Taiwan sekali lagi menjadi pusat kontroversi dalam urusan international.
Itu berkat agresi Cina yang meningkat di kawasan Asia-Pasifik, yang ingin dikuasai Beijing, dan pecahnya perang Rusia-Ukraina. Mereka telah mengangkat spekulasi bahwa China mungkin ingin bersatu kembali dengan prefekturnya yang memisahkan diri secara paksa. Misalnya, pada bulan Mei, klip audio yang bocor konon menampilkan para pemimpin Partai Komunis berbicara tentang invasi militer ke Taiwan memicu banyak kontroversi di media sosial.
Baru-baru ini, marah dengan kunjungan Ketua DPR AS Nancy Pelosi ke Taiwan, China meningkatkan ancaman tindakan militernya terhadap prefekturnya yang memisahkan diri, termasuk blokade udara dan laut. Sementara itu, pejabat Taiwan telah berulang kali menyatakan bahwa tindakan tersebut akan menjadi tindakan perang, karena mereka tidak mau menyerah kepada Beijing.
Tapi apa yang akan dilakukan AS dalam situasi seperti itu? Apakah akan lebih jauh untuk mempertahankan Taiwan secara militer?
Selama bertahun-tahun, pejabat Amerika menghindari memberikan jawaban yang jelas untuk pertanyaan-pertanyaan ini. Tetapi situasinya telah berubah baru-baru ini, dengan Presiden Joe Biden mengatakan dalam sebuah wawancara bahwa AS akan membela Taiwan secara militer jika terjadi invasi militer China.
Timothy S. Wealthy, Ph.D., Profesor Ilmu Politik dan Direktur Worldwide Public Opinion Lab (IPOL) di Western Kentucky College, memberikan beberapa alasan mengapa AS bisa melangkah sejauh itu.
Pertama, itu akan mengirimkan sinyal kuat kepada dunia bahwa AS berdiri di belakang aliansi dan demokrasinya di kawasan itu.
“AS adalah satu-satunya negara yang bersedia mempertahankan demokrasi ini dan satu-satunya yang menjual senjata Taiwan untuk membantu pertahanannya. Tanpa bantuan Amerika, Taiwan tidak dapat diharapkan untuk menanggung invasi besar-besaran,” katanya kepada Worldwide Enterprise Instances. “Kurangnya tanggapan memberikan dasar literal dan simbolis kepada rezim otoriter yang tertarik untuk menjungkirbalikkan tatanan dan stabilitas dunia yang ada di suatu kawasan, sebuah rezim yang menentang pemerintahan demokratis.”
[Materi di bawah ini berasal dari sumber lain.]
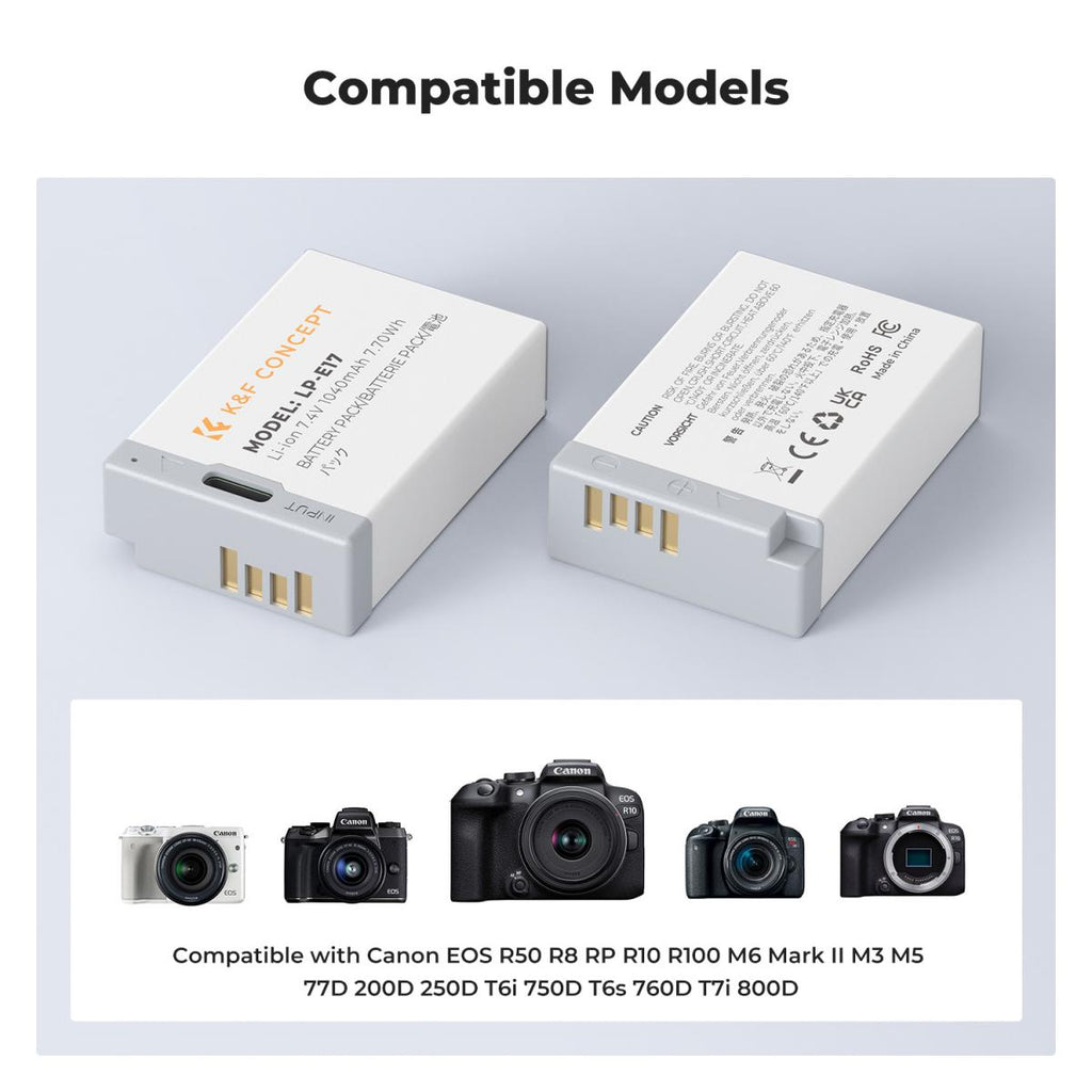 Discover dependable and convenient power with the K&F Concept 2-Pack LP-E17 1040mAh replacement batteries, designed for a wide range of Canon EOS cameras. Featuring built-in USB-C fast charging, these fully decoded batteries deliver safe, efficient and long-lasting performance for photography and video shooting.

Dan kedua, penyatuan Taiwan dengan China dapat menantang kepentingan Amerika di Asia-Pasifik, terutama di Laut China Selatan, yang dianggap Beijing sebagai lautnya, mengintimidasi tetangganya dan melecehkan AS dan kapal sekutu dalam kebebasan latihan navigasi.
Tetapi Taiwan yang dikendalikan China dapat mengancam kepentingan AS dengan cara lain. Ini akan memungkinkan Beijing untuk mengambil alih pasokan semikonduktor international, karena Taiwan adalah produsen semikonduktor penting yang dikembangkan oleh perusahaan AS dan sekutu Eropa dan Asia mereka. Akibatnya, itu akan mengganggu operasi raksasa teknologi AS dan ekonomi AS.
Namun, Riccardo Cociani, Analis Intelijen Asia Pasifik di Sibylline, sebuah perusahaan konsultan international, berpendapat bahwa pernyataan terbaru Presiden Joe Biden mengenai dukungan militer AS ke Taiwan harus ditafsirkan dengan hati-hati. Mereka tidak menunjukkan perubahan resmi dalam kebijakan AS dari “ambiguitas strategis” menjadi “kejelasan strategis”. Mereka malah mencerminkan pandangan pribadinya.
Cociani melihat kemungkinan bahwa Presiden Biden mengubah retorikanya sebagai tanggapan atas kekuatan militer China yang meningkat dan meyakinkan sekutu AS tentang komitmen keamanan dan pertahanannya.
“Oleh karena itu, meyakinkan sekutu di perdagangan utama dan lokasi geostrategis, seperti Taiwan, akan membantu sekutu AS menghindari tindakan drastis untuk menjaga keamanan dan kepentingan mereka,” tambahnya. “Dengan demikian mempertahankan pengaruh strategis yang signifikan bagi AS di kawasan Indo-Pasifik.”